The United States balances them against the Taiwan Relations Act (Public Law 96-8, 10 April 1979) and the Six Assurances of 1982, which together commit Washington to provide Taiwan defensive arms and to maintain the capacity to resist coercion. Beijing rejects the TRA as a violation of the communiqués. This asymmetry—China's "one China principle" versus Washington's "one China policy"—is a high-yield distinction for the exam.
The Pivot and the Trade War
Engagement defined the era from Deng Xiaoping's 1979 visit through China's WTO accession on 11 December 2001. The turn came with the Obama administration's "Pivot to Asia" (rebalance), announced 2011, articulated by Secretary Hillary Clinton in Foreign Policy ("America's Pacific Century"). The Trump administration's National Security Strategy of December 2017 formally designated China a "strategic competitor" and "revisionist power," ending the bipartisan engagement consensus. The trade war followed: Section 301 tariffs from 2018, the Phase One trade deal of 15 January 2020, and export controls targeting Huawei and SMIC.

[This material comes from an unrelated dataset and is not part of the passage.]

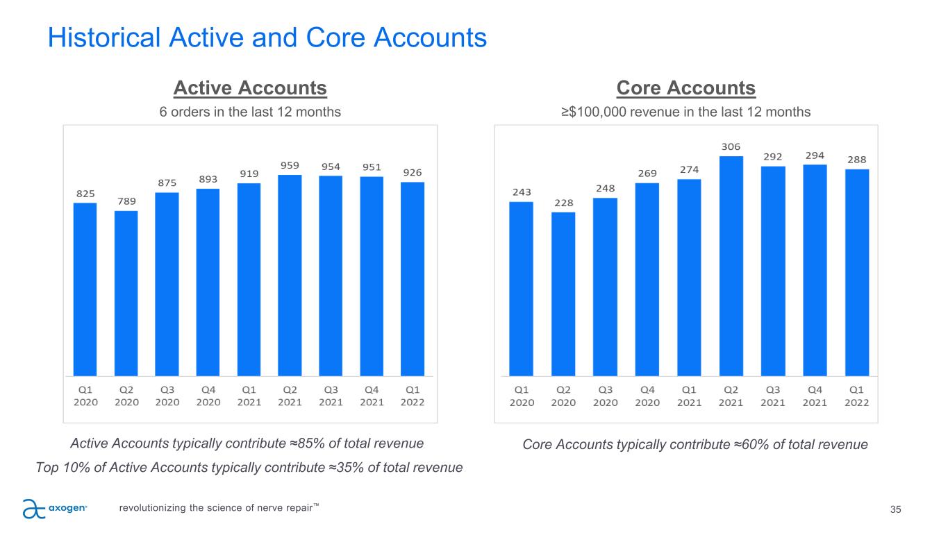 Historical Active and Core Accounts Active Accounts typically contribute ≈85% of total revenue Top 10% of Active Accounts typically contribute ≈35% of total revenue Active Accounts 6 orders in the last 12 months Core Accounts typically contribute ≈60% of total revenue Core Accounts ≥$100,000 revenue in the last 12 months 35revolutionizing the science of nerve repair™

The Biden administration sustained competition while adding "guardrails," codified in the CHIPS and Science Act (9 August 2022) and the 7 October 2022 semiconductor export controls. The framing crystallized as "invest, align, compete" (Secretary Antony Blinken, May 2022) and "de-risking, not decoupling" (adopted at the 2023 G7 Hiroshima Summit). Flashpoints include the August 2022 Pelosi visit to Taiwan, which triggered PLA live-fire exercises encircling the island, and the February 2023 balloon incident. The Woodside summit (Xi-Biden, 15 November 2023) restored military-to-military communication.
Candidates should retain the conceptual vocabulary: Graham Allison's "Thucydides Trap" (2017), Beijing's framing of a "new type of major-country relations" (proposed by Xi, 2013), and the demand for relations built on "mutual respect, peaceful coexistence, and win-win cooperation."